As mentioned, we first wanted to look at where we may have gaps. We looked at the historical data and saw the amount of sales per month for the whole year. We also looked at our top selling products (we will compare these later). Lastly, we wanted to see what our best marketing campaigns were in terms of transactions and sales value. Coincidentally, they were both the same.

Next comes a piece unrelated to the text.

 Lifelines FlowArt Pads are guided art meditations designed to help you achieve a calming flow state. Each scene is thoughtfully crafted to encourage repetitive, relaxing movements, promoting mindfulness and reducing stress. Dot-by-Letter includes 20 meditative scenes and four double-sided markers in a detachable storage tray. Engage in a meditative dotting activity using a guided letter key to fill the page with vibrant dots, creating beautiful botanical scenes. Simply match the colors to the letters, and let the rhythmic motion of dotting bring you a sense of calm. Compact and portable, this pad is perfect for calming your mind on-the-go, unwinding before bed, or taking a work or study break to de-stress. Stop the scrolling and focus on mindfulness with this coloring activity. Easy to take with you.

See below!

sales_by_month <- transacts%>%
  mutate(month = month(transaction_timestamp, label = TRUE))%>%
  group_by(month)%>%
  summarize(total_sales = sum(sales_value, na.rm = TRUE), .groups = "drop")%>%
  arrange(month)

ggplot(sales_by_month, aes(x = month, y = total_sales, group = 1)) +
  geom_line(size = 1) +
  geom_point(size = 2) +
  labs(title = "Regork Total Sales by Month (2017)",
       x = "Month",
       y = "Total Sales") +
  theme_minimal()

Looking at this chart, February and September stand out as opportunities for us to pull some resources into bolstering these sales months.

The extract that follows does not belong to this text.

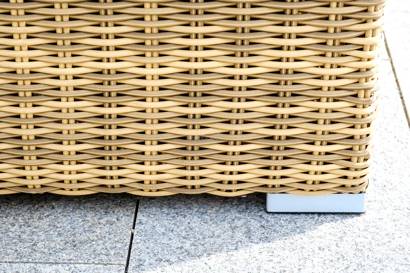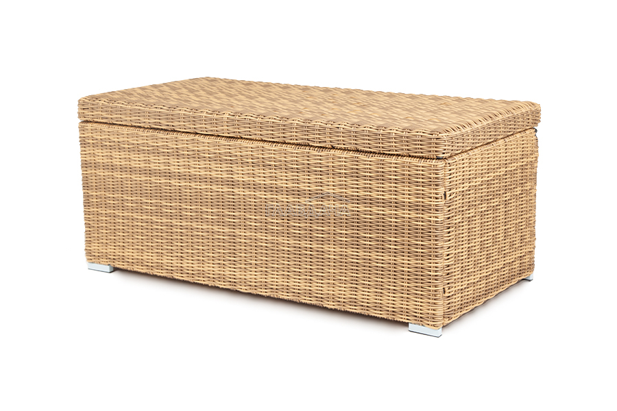 «Порту» вместительный сундук из плоского искусственного ротанга соломенного оттенка. В основе - алюминиевый каркас.

highest_selling_products <- transacts%>% #Highest Selling Products df
  group_by(product_id)%>%
  summarize(
    total_sales = sum(sales_value, na.rm = TRUE), 
    total_units = n(),                            
    .groups = "drop"
  )%>%
  inner_join(prods, by = "product_id")%>%        
  select(product_id, total_sales, total_units, product_type)%>%
  arrange(desc(total_sales))%>%
  slice_max(order_by = total_sales, n = 15) 
highest_selling_products%>% #Highest Selling Products Table Creation
  gt()%>%
  tab_header(title = "Top 15 Highest Selling Products")%>%
  fmt_currency(columns = vars(total_sales),
    currency = "USD")%>%
  cols_label(
    product_id = "Product ID",
    total_sales = "Total Sales",
    total_units = "Total Units",
    product_type = "Product Type"
  )
Top 15 Highest Selling Products
Product ID Total Sales Total Units Product Type
6534178 $303,116.02 11582 GASOLINE-REG UNLEADED
6533889 $27,467.61 823 GASOLINE-REG UNLEADED
1029743 $22,729.71 7874 FLUID MILK WHITE ONLY
6534166 $20,477.54 722 GASOLINE-REG UNLEADED
6533765 $19,451.66 1150 GASOLINE-REG UNLEADED
1082185 $17,219.59 16992 BANANAS
916122 $16,120.01 2497 CHICKEN BREAST BONELESS
1106523 $15,629.95 5424 FLUID MILK WHITE ONLY
995242 $15,602.59 7441 FLUID MILK WHITE ONLY
5569230 $13,410.46 2771 SOFT DRINKS 12/18&15PK CAN CAR
1127831 $11,500.01 3551 STRAWBERRIES
1044078 $11,445.70 2464 LEAN
844179 $11,270.46 2208 PRIMAL
1133018 $8,436.41 4231 FLUID MILK WHITE ONLY
874972 $7,905.59 710 SELECT BEEF

While Gasoline remains our top selling item, it is not an item that would be beneficial in campaigning as the demand for gas will always be high. As you will see in the Marketing Plan tab, there are other products on this Highest Selling Products list that we can market better.

top_campaigns<-camp%>%
  inner_join(cd, by = "campaign_id")

top_campaigns<-top_campaigns%>%
  full_join(coup, by = "campaign_id")

top_campaigns_view<-top_campaigns%>% #Top Campaigns in terms of Coupon Redemptions
  semi_join(cr)%>%
  group_by(campaign_id, campaign_type, start_date, end_date)%>%
  summarize(total_redemptions = n())%>%
  arrange(desc(total_redemptions))

transacts_with_coups<-transacts%>%
  full_join(coup, by = "product_id")%>%
  semi_join(cr, by = "coupon_upc")

group_campaigns_sales<- transacts_with_coups %>% #Top Campaigns in terms of Sales Value
  group_by(campaign_id) %>%
  summarize(total_sales = sum(sales_value, na.rm = TRUE))%>%
  arrange(desc(total_sales))
ggplot(top_campaigns_view, aes(x = reorder(as.factor(campaign_id), total_redemptions), 
                               y = total_redemptions / 1000, 
                               fill = campaign_type)) +
  geom_bar(stat = "identity") +
  labs(title = "Coupon Redemptions by Campaign (in Thousands)",
       x = "Campaign ID",
       y = "Total Redemptions (in Thousands)",
       fill = "Campaign Type") +
  coord_flip() +
  theme_minimal()

ggplot(group_campaigns_sales, aes(x = reorder(as.factor(campaign_id), total_sales), y = total_sales / 1000)) +
  geom_bar(stat = "identity", fill = "forestgreen") +
  labs(title = "Total Sales by Campaign (in $1000's)",
       x = "Campaign ID",
       y = "Total Sales ($1000's)") +
  theme_minimal()

From the tables above you can see that 3 of the 4 Type A Campaigns far and away bring in the most business for Regork in terms of sales and coupon redemptions.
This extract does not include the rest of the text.